Opened 8 years ago
Closed 8 years ago
#37761 closed defect (bug) (duplicate)
wp_encode_emoji misses 🆑 (U+1F191)
Reported by: | thrica | Owned by: | |
---|---|---|---|
Milestone: | Priority: | normal | |
Severity: | normal | Version: | |
Component: | Emoji | Keywords: | |
Focuses: | Cc: |
Description
I have code that enters tweets into both a Tweets table and a transient. I'd neglected to convert wp_options to utf8mb4 – which hadn't been a problem until this character slipped through wp_encode_emoji, so everything's been reduced to fiery wreckage now. Actually it just failed silently, but I did max out my allowed calls to the Twitter API.
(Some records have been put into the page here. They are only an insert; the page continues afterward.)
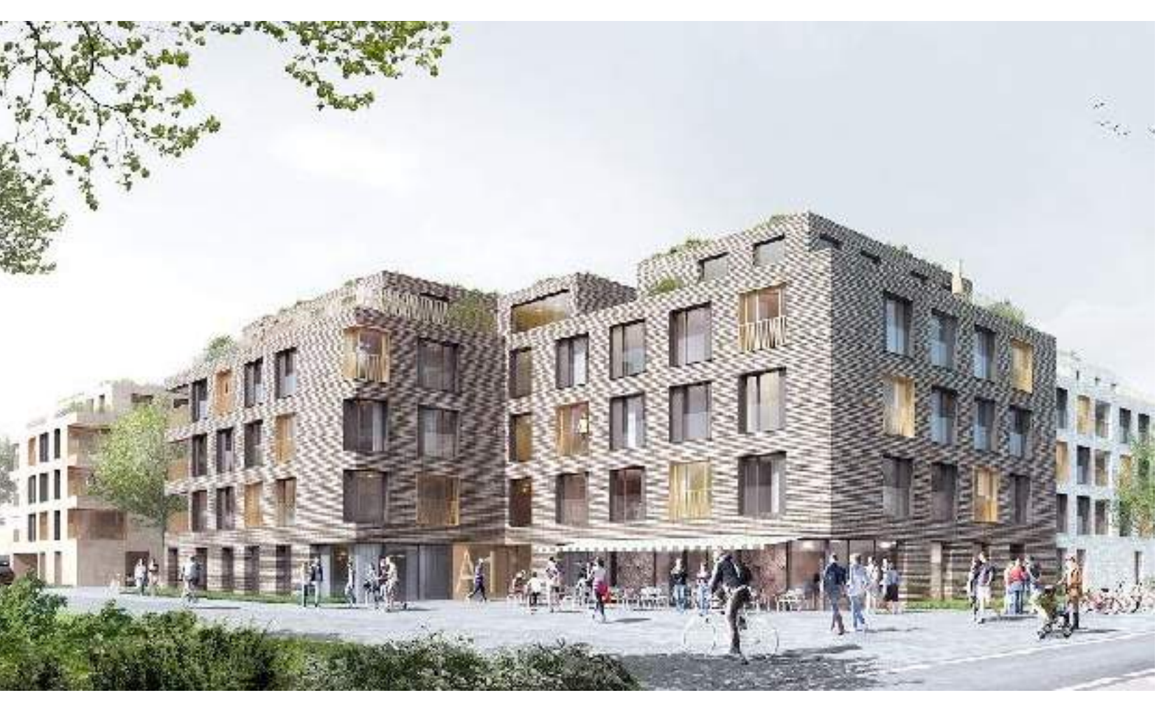
Werkstattverfahren Hagedornplatz / Reicker Strasse 51 \triangle
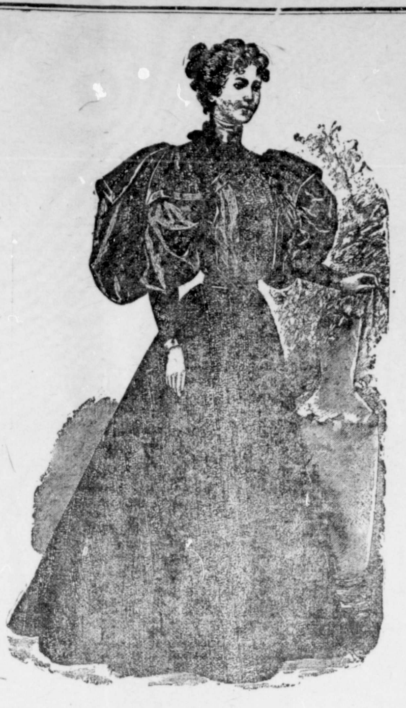
SATIN-STRIPED CREPON GOWN.

During a great part of 1894, 14.4 per cent. of the laborers of France were with-
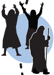
APPEARANCE #10 Jesus Commissions The Disciples
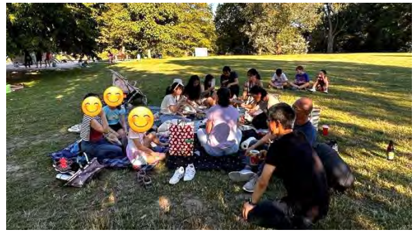
Outreach activities of the Career & Students Group
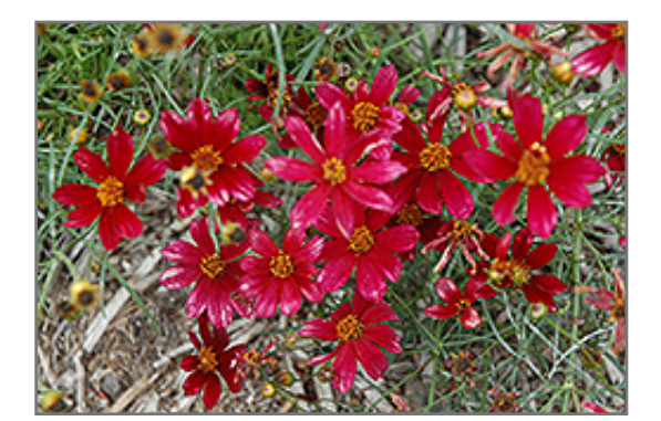
Main Street Tickseed flowers

Burlington Garden Center: CurbsideBurlington@gardeners.com | Williston Garden Center: CurbsideWilliston@gardeners.com Lebanon Garden Center: CurbsideLebanon@gardeners.com | Hadley Garden Center: CurbsideHadley@gardeners.com gardeners.com/store
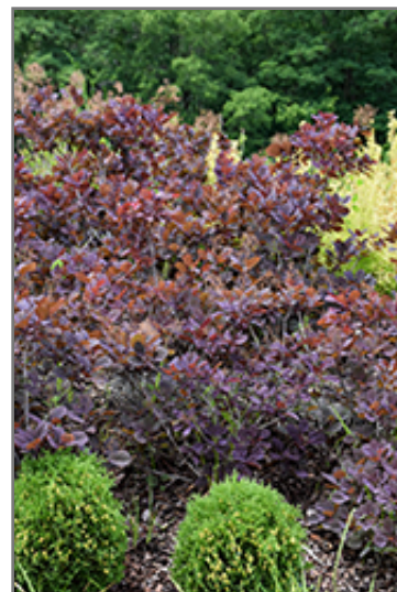
Velveteeny Purple Smokebush

It succeeded in the utf8mb4 Tweets table though, which is how I know it didn't convert that character.
I see in the docs that wp_encode_emoji supports up to Unicode 7, but this character is part of the Unicode 6 spec. The hex bytes are F0 9F 86 91, so it's getting missed by the \xF0\x9F[\x85-\x88][\xA6-\xBF] regex line (wp-includes/formatting.php, line 5033) which is supposed to catch the Enclosed Characters block. I suppose this means there are a few others between 86 91 and 86 A6 it's missing too.
Thanks for the report, @thrica!
We're currently looking at how to tackle this in #35293.